This page uses two terms for what your gateway does with each header and body field:

* **Forward unchanged**: pass it to the upstream byte-for-byte
* **Consume**: the gateway may read it for routing, attribution, or tracing and need not forward it

Anything not marked forward unchanged is yours to consume or ignore.

## API formats

A gateway must expose at least one of the following API formats to Claude Code clients. Which format Claude Code speaks is determined by the client's configuration: the variable in the Selected by column of the table below points Claude Code at your gateway in that format.

| Format              | Selected by                                                   | Endpoints                                                                | Forward unchanged                                                                                        |
| :------------------ | :------------------------------------------------------------ | :----------------------------------------------------------------------- | :------------------------------------------------------------------------------------------------------- |
| Anthropic Messages  | `ANTHROPIC_BASE_URL`                                          | `/v1/messages`, `/v1/messages/count_tokens` (optional)                   | `anthropic-beta` and `anthropic-version` request headers                                                 |
| Bedrock InvokeModel | `ANTHROPIC_BEDROCK_BASE_URL` with `CLAUDE_CODE_USE_BEDROCK=1` | `/model/{model}/invoke`, `/model/{model}/invoke-with-response-stream`    | `anthropic_beta` and `anthropic_version` request body fields                                             |
| Vertex rawPredict   | `ANTHROPIC_VERTEX_BASE_URL` with `CLAUDE_CODE_USE_VERTEX=1`   | `:rawPredict`, `:streamRawPredict`, `count-tokens:rawPredict` (optional) | `anthropic-beta` and `anthropic-version` request headers, and the `anthropic_version` request body field |

### Foundry and Claude Platform on AWS

Microsoft Foundry and the [Claude Platform on AWS](/en/claude-platform-on-aws) implement the Anthropic Messages format. Claude Code routes to them through their own variables, `ANTHROPIC_FOUNDRY_BASE_URL` and `ANTHROPIC_AWS_BASE_URL`, but a gateway fronting either implements the Anthropic Messages row above. A gateway fronting the Claude Platform on AWS must also forward the `anthropic-workspace-id` header, which [that platform requires on every request](/en/claude-platform-on-aws).

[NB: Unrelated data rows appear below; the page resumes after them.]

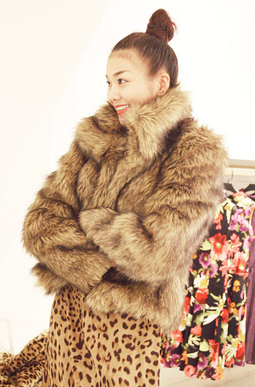 | Đôi khi cô cũng thật năng động và trẻ trung với áo khoác da cổ lông sành điệu |
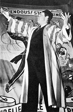 A revised production of Katharine Cornell's Romeo and Juliet opened December 20, 1934, at the Martin Beck Theatre in New York.[17]:331–332[33] The Broadway production brought the 19-year-old Welles (now playing Tybalt) to the notice of John Houseman, a theatrical producer who was casting the lead role in the debut production of one of Archibald MacLeish's verse plays, Panic.[34]:144–158 On March 22, 1935, Welles made his debut on the CBS Radio series The March of Time, performing a scene from Panic for a news report on the stage production.[20]:70–71
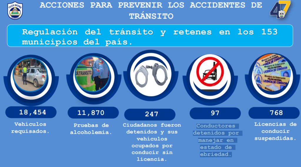 La Policía Nacional reportó que en el período del 9 al 15 de marzo, detuvieron a 97 personas por manejar en estado de ebriedad, además de 247 por manejar sin licencia y se suspendieron 768 licencias.
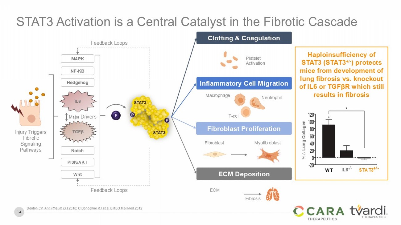 14 STAT3 Activation is a Central Catalyst in the Fibrotic Cascade IL6 - / - STAT3 +/ - WT % △ Lung Collagen Denton CP Ann Rheum Dis 2018 ; O’Donoghue RJ et al EMBO Mol Med 2012 Notch IL6 TGF β NF - KB MAPK Hedgehog PI3K/AKT Wnt Injury Triggers Fibrotic Signaling Pathways Haploinsufficiency of STAT3 (STAT3 +/ - ) protects mice from development of lung fibrosis vs. knockout of IL6 or TGF β R which still results in fibrosis Clotting & Coagulation Fibroblast Proliferation ECM Deposition Macrophage Neutrophil T - cell Platelet Activation ECM Fibrosis Myofibroblast Fibroblast Inflammatory Cell Migration P Major Drivers Feedback Loops Feedback Loops
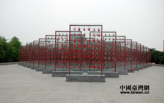 抗战老兵手印广场,手印碑林呈胜利的“V”字型。重重叠叠的手印,形成排山倒海之势,这就是民族力量的真切体现。(中国台湾网 李丹 摄)
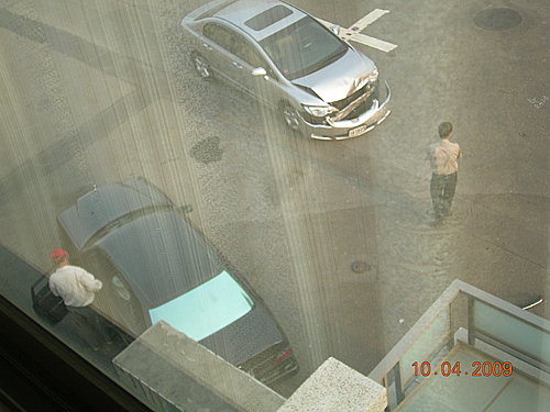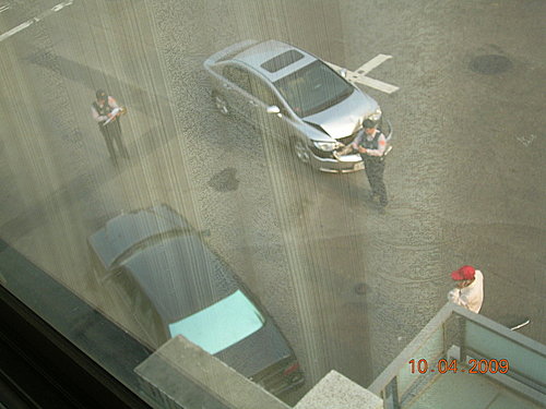 拿了相機往三樓跑, 果不其然又是一件車撞車的意外,
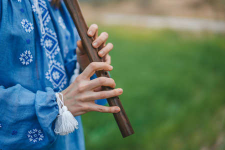 Woman playing woodwind wooden flute - ukrainian sopilka outdoors. Folk music, culture concept. Musical instrument. Lady in traditional embroidered shirt - blue vyshyvanka.
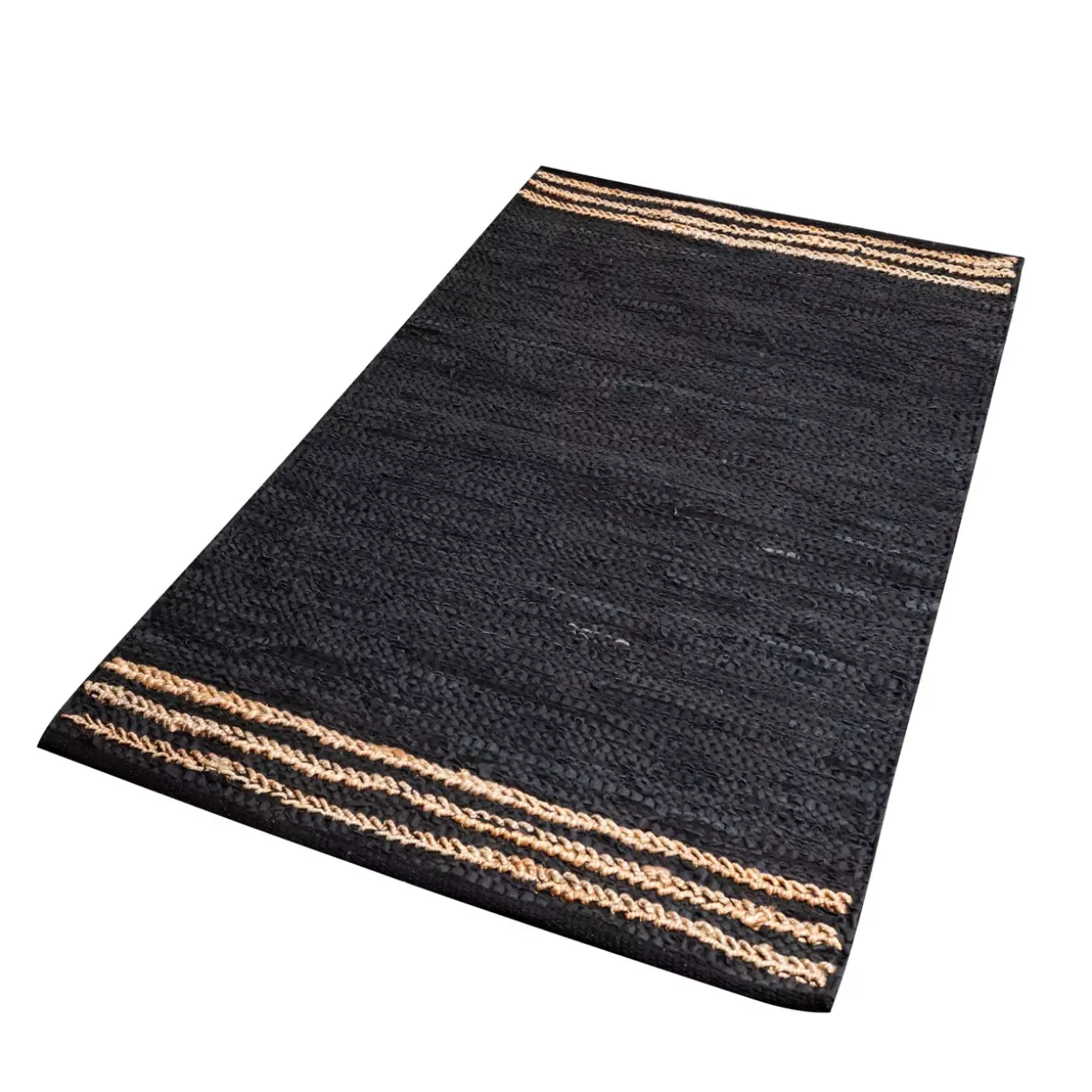 Handgewebt Farbton: schwarz Größe: 70x130cm Stil: Modern Material: Textil / Leder Florhöhe: 10 mm Flächengewicht: 2500 g/qm Zertifikate: Care und Fair bestehend aus: 1 Teppich Gewebeart: Flachgewebe Naturfaser: Anteil Leder 80% / Anteil Jute 20% Besonderheiten: für Fußbodenheizung geeignet Textilart: Jute 20% chemische Reinigung Highlights
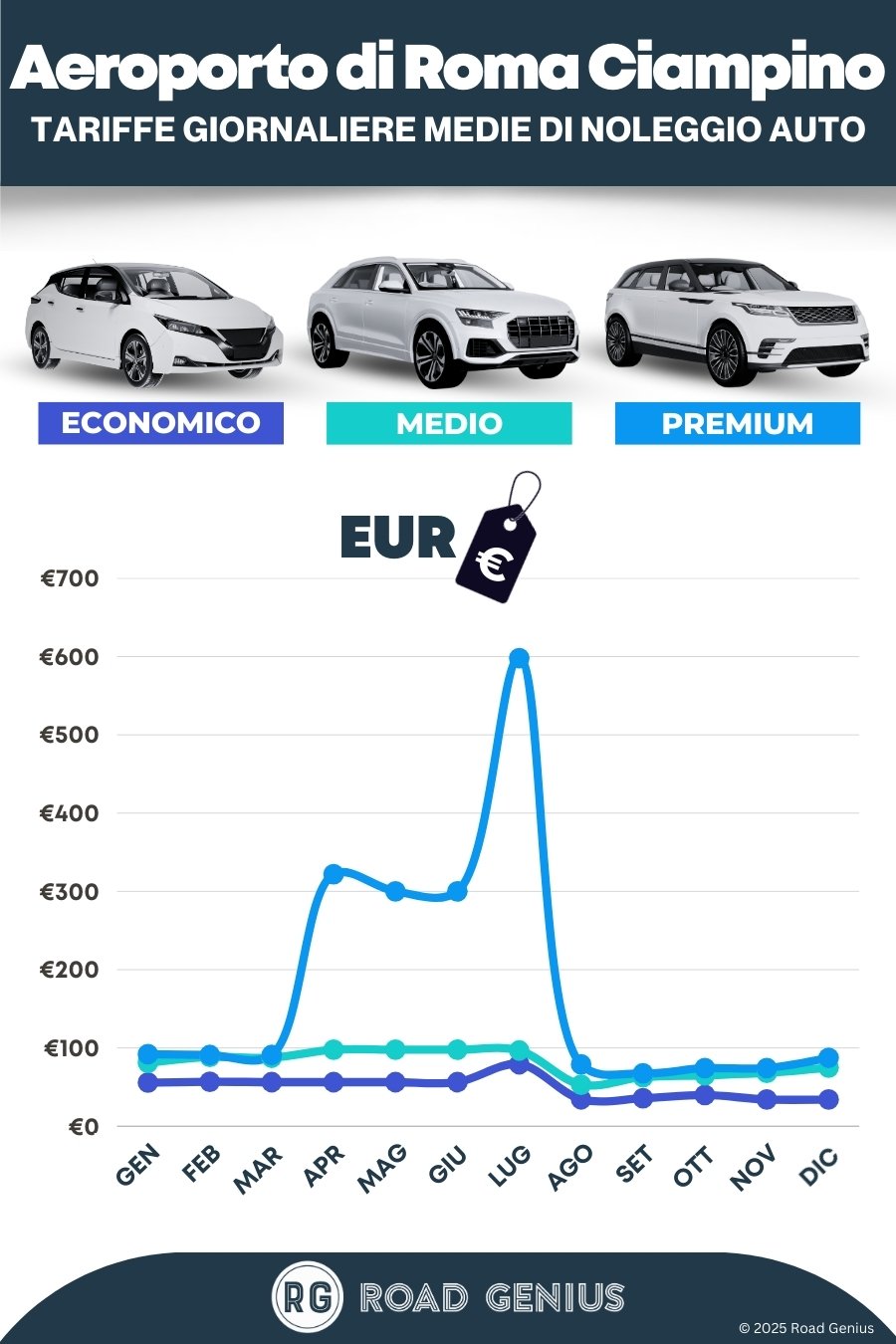 In media, il noleggio auto all'Aeroporto di Roma Ciampino costa circa €104 al giorno, con tariffe a partire da €34 al giorno.
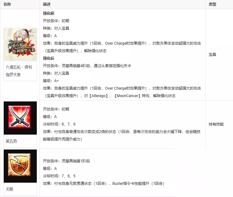 以日本历史上最强剑豪著称,江户时代初期的剑术家。精通号称由武藏创始的流派“二天一流”,运用大刀与小刀的“二刀流”达人。……本应如此,但与正确历史上的武藏情况似乎有些不一样。 “哎?这个世界的武藏是男人?而且还超级有名,太令人惊讶了!” 对胜利与名誉没什么兴趣,好酒,财迷,抵挡不住吃白饭的魅力。但与她较量,并输给她的人都这么说。 ——艳丽的天元之花。其剑,能达无空之高度。 牵绊故事一: “正式的名字?新免武藏守藤原玄信。但是,还是直接叫武藏比较方便嘛。” 牵绊故事二: 在正确的史实中,出生于作州(现冈山县美作市)1584年生。父亲是侍奉竹山城主新免家的武术指导师,被主家赐予了新免之名,被誉为新免无二斋的武艺高手。新免无二斋在吉野乡宫本村建立了十手术道场,武藏也将此地视为故乡,因此之后以宫本为姓。成人后留下了众多传说故事,尤其是在二十来岁的这十年间,与众多武艺高手战斗,这些著名的战斗也成了如今娱乐节目的热门题材之一。然而这十年间的战斗的真正内容几乎全都成谜,被人们深深怀疑乃是杜撰的。 牵绊故事三: 开朗活泼,凛然而又娇艳的女性剑士。总是春风得意,泰然自若,但并不会看不起对手。只是很享受人生罢了。感情表现略有些夸张。常会笑,常会惊讶。对大多问题都会一笑而过,性格豁达大方,但本质却是“钻研剑道之人”,在事关人命的问题上,是非常冷漠、严厉的。 话虽如此,却很容易着迷,最喜欢被人依靠。也最喜欢被人夸奖。禁不住赞辞。喜欢打架的大姐气质。虽然是正义之士,但自己不会主张正义。基本是个飘浮不定无忧无虑的流浪者,但遭遇“单方面虐杀”、“为了娱乐,践踏人的尊严与信念”、“在人饿肚子的时候抢走食物”这类情况时,就会修罗化。 牵绊故事四: 天眼:A 天眼被视为“达成目的的力量”。一旦决定要完成某件事,就会全身心投入,保证目的必定达成。也可以说是将自己的全部存在寄托于视线上,并投射向目的地的能力。不过武藏只会将天眼用在“斩这个地方”这种事上。比如说,一旦她决定“切下对方的右臂”,那最后她会不惜使用任何手段都要切断对方的右臂。那将会成为最合理的斩击,“没有任何多余,制服时间与空间的一刀”。将“为达目的使用的手段”范围“缩小到一种”的力量。将本应无限的未来限定成“只有一个”的结果,可以说是极为特殊的魔眼。 牵绊故事五: 无空:A 剑术家能到达的最高位。究极的境界。相当于柳生新阴流・水月。因无空,故无敌。能捕捉此物者,只有抵达无限境界的剑术家。 五轮之书 武藏临死前将自己毕生到达的境界,以及钻研的技法整理撰写而成。这是一套分为地水火风空5卷的书籍,是“武藏”这个人集大成的存在。五轮之书中,地之卷描写了二天一流兵法的理念与概略,水之卷则描写了具体的技法,火之卷是关于从战略或战术角度而谈的兵法,风之卷是对通过否定特定技与战法,让读者以“脑海中主动浮现出”的形式,从根本上理解二天一流的解说。而最后的空之卷,据说是用名为“相对”的技法,将武藏个人对“空”的理解撰写而成的东西。 最终故事: 六道五轮・俱利伽罗天象,等级:A,种类:对人宝具,有效范围:2-20,最大捕捉:1人 Rikudougorin Kurikaratenshou。剑轰拔刀。武藏维持着二刀流泰然自若地摆出架势,从背后仁王的地·水·火·风剑压(看上去是仁王发动的攻击)中,释放出用武藏尚未学会的【空】之概念、【零】之剑发动的究极斩击。 说是对人宝具,本质实际上是对因果宝具。甚至能将所有非业、宿业、诅咒、悲运一刀两断的佛之剑。 【是将存在削落至究极、无法进一步削落后,仍然残留的“某种存在”。】 被称为无二的究极之一。位于更进一步位置的零……的概念。天元之花不断追求,只为抵达此座。 能力设定:
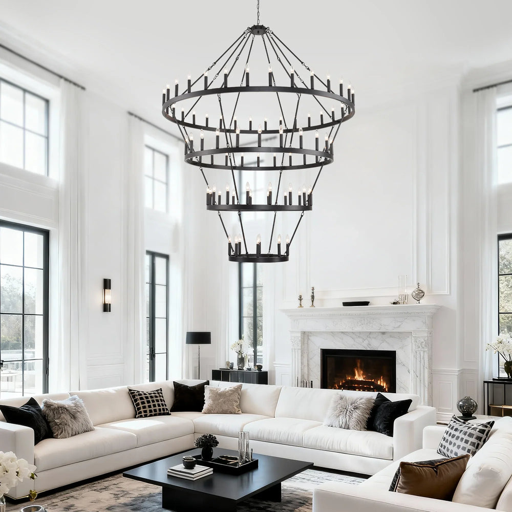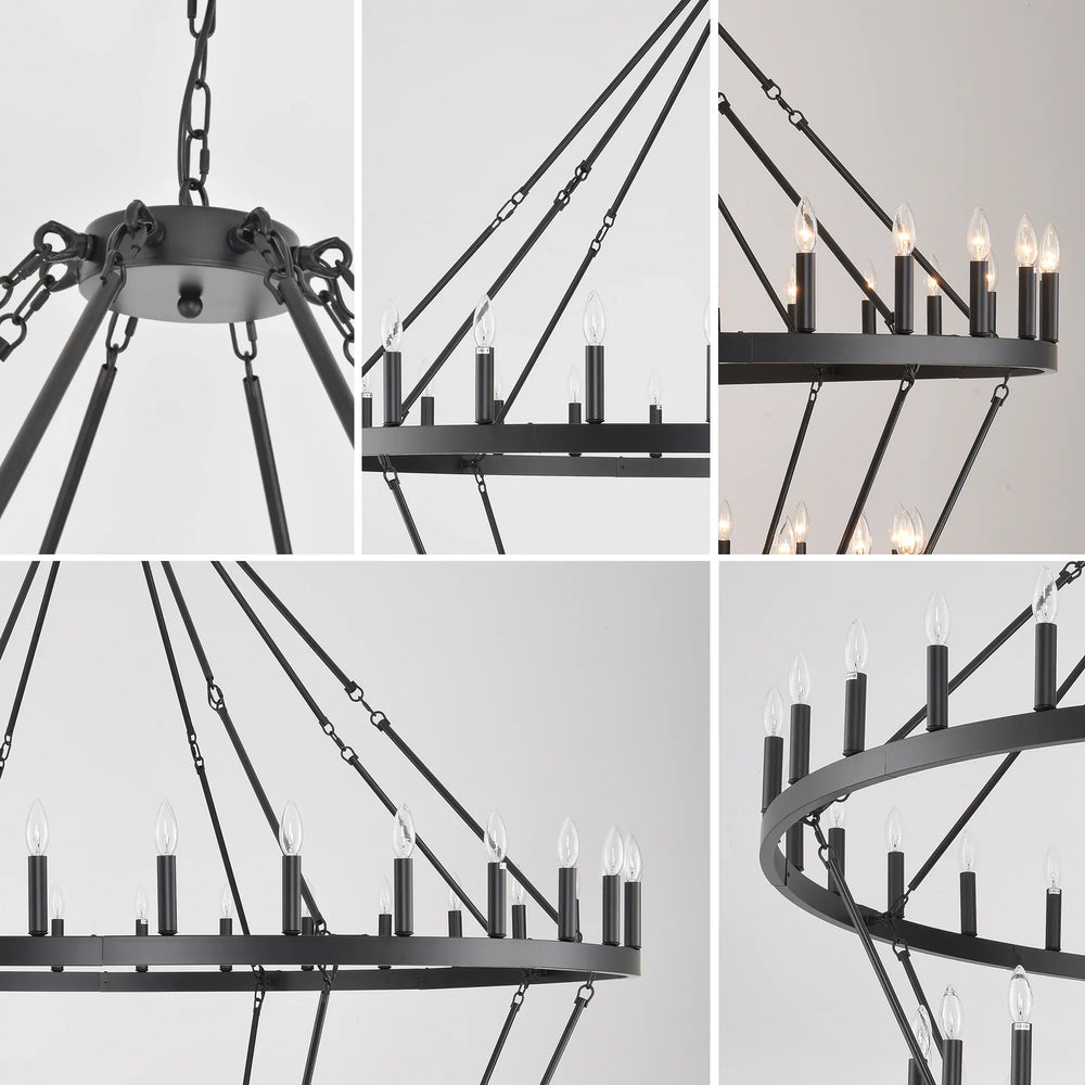 Illuminate your living space with this striking 4-story wagon wheel chandelier, designed to blend farmhouse charm with contemporary sophistication. Measuring 70.87 inches (180 cm) in both length and width, this large-scale ceiling light fixture commands attention while providing a warm, inviting atmosphere. Crafted from durable iron and metal with a matte black finish, it complements American traditional and modern décor styles perfectly. The 60 E12 sockets offer 360° light coverage, allowing you to customize your brightness with a variety of bulb types (not included). Adjustable chains let you tailor the hanging height to fit high ceilings in dining rooms, foyers, or living spaces. Easy to install with pre-assembled lamp body, this chandelier offers a seamless upgrade to your home ambiance. Elevate your interior with farmhouse industrial lighting that’s both functional and visually captivating.
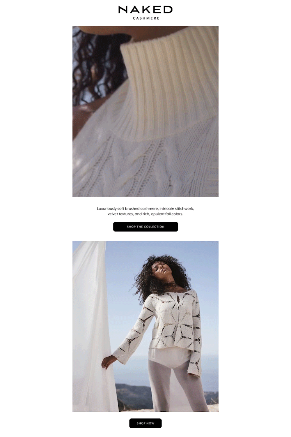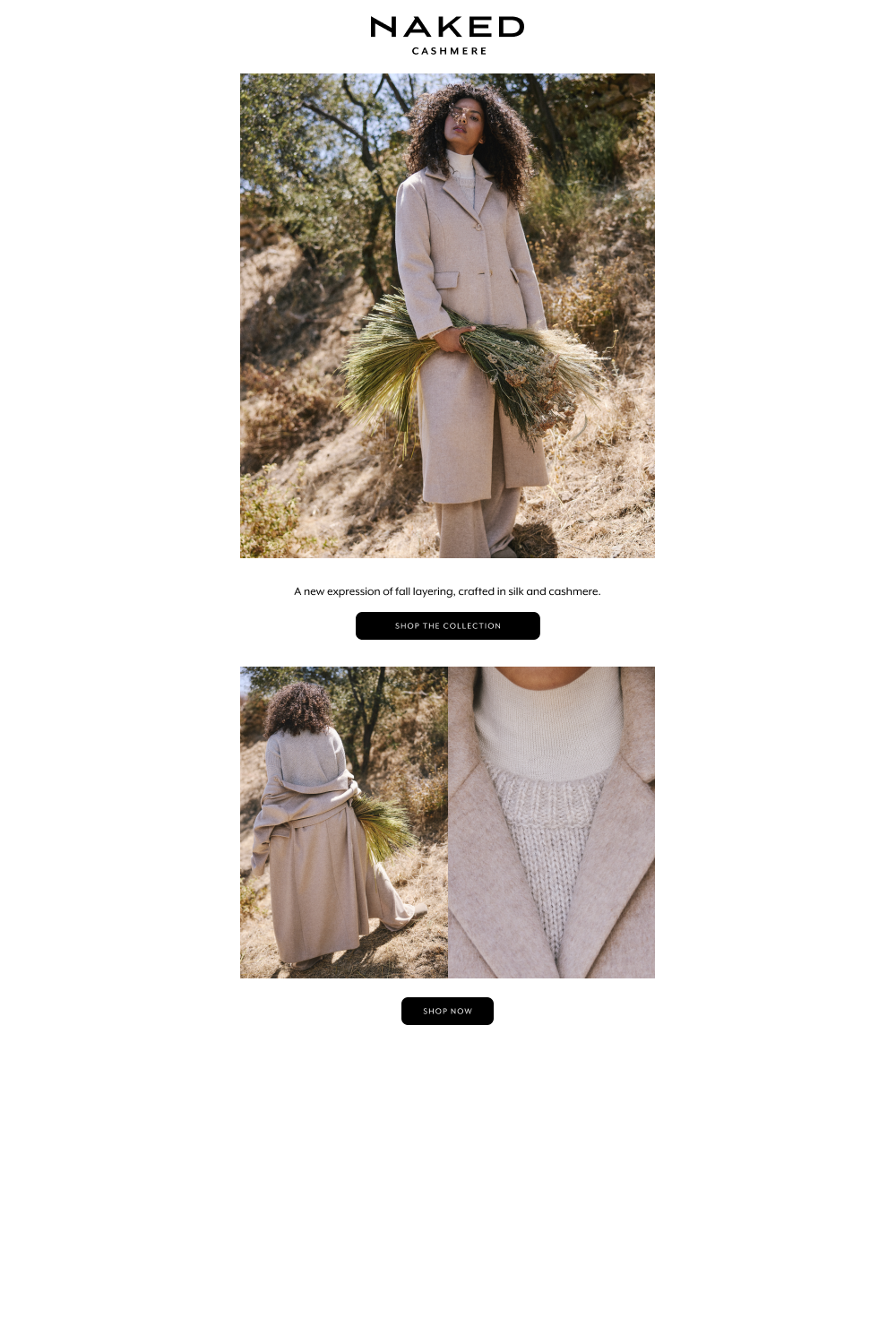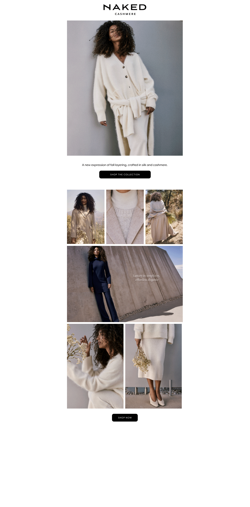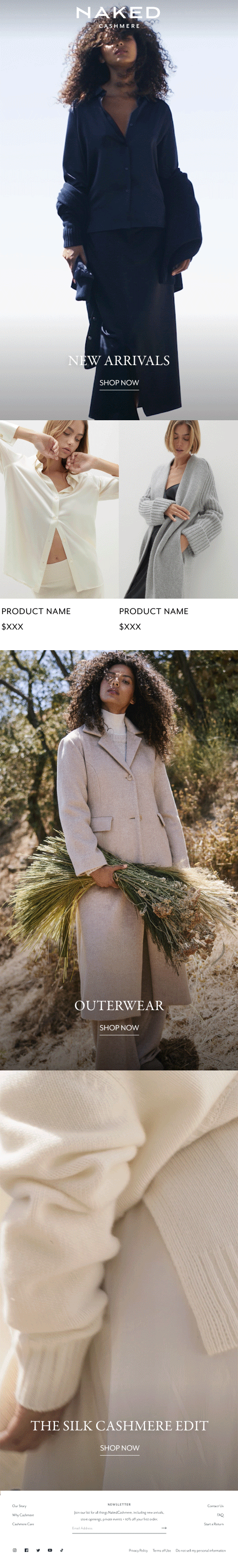 This campaign focuses on translating Naked Cashmere’s vision of modern luxury into a cohesive seasonal narrative across digital and marketing platforms. Through elevated imagery, refined typography, and editorial storytelling, the campaign emphasized effortless elegance while integrating new collections seamlessly within the brand’s existing ecosystem.
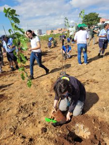 Para a ação ambiental, a Sema foi responsável pela indicação da área pública e por fornecer todo o suporte técnico necessário, além de ceder as mudas produzidas no viveiro municipal e todos os insumos necessários para a iniciativa, como terra vegetal, adubo, calcário e os tutores (bambus para suporte das mudas).

### Optional endpoints and startup traffic

Token-counting endpoints are the only optional ones: when they're absent, Claude Code estimates context usage locally. Inference requests post to `/v1/messages?beta=true`, so match on the path, not the full URL. The Vertex method suffixes attach to the publisher model path, as in `/projects/{project}/locations/{location}/publishers/anthropic/models/{model}:streamRawPredict`.

A gateway also sees best-effort startup traffic it can reject without breaking anything: a `HEAD /` connectivity probe, and on Bedrock-format gateways a `GET /inference-profiles?type=SYSTEM_DEFINED` request.

### Streaming

Inference responses must stream. Claude Code consumes server-sent events as they arrive, so a gateway that buffers complete responses before relaying them stalls the client.

### Format mismatch with the upstream

Which format the client speaks determines what your gateway receives. The common failure mode is a mismatch between the format the client sends to your gateway and the format the upstream provider behind it accepts.

* When the client speaks the Bedrock or Vertex format, Claude Code sends only the subset of its full capability set that those providers accept
* When the client speaks the Anthropic Messages format, Claude Code sends the full set, even if your gateway forwards to a Bedrock or Vertex upstream

Bridging that difference is your gateway's job. [Feature pass-through](#feature-pass-through) describes what breaks when it doesn't.

## Request headers

Claude Code includes these headers on API requests. Header names are case-insensitive on the wire. Forward `anthropic-version` and `anthropic-beta` unchanged, plus `anthropic-workspace-id` when the upstream is the [Claude Platform on AWS](/en/claude-platform-on-aws); the rest the gateway may consume for routing, attribution, and tracing, and need not forward.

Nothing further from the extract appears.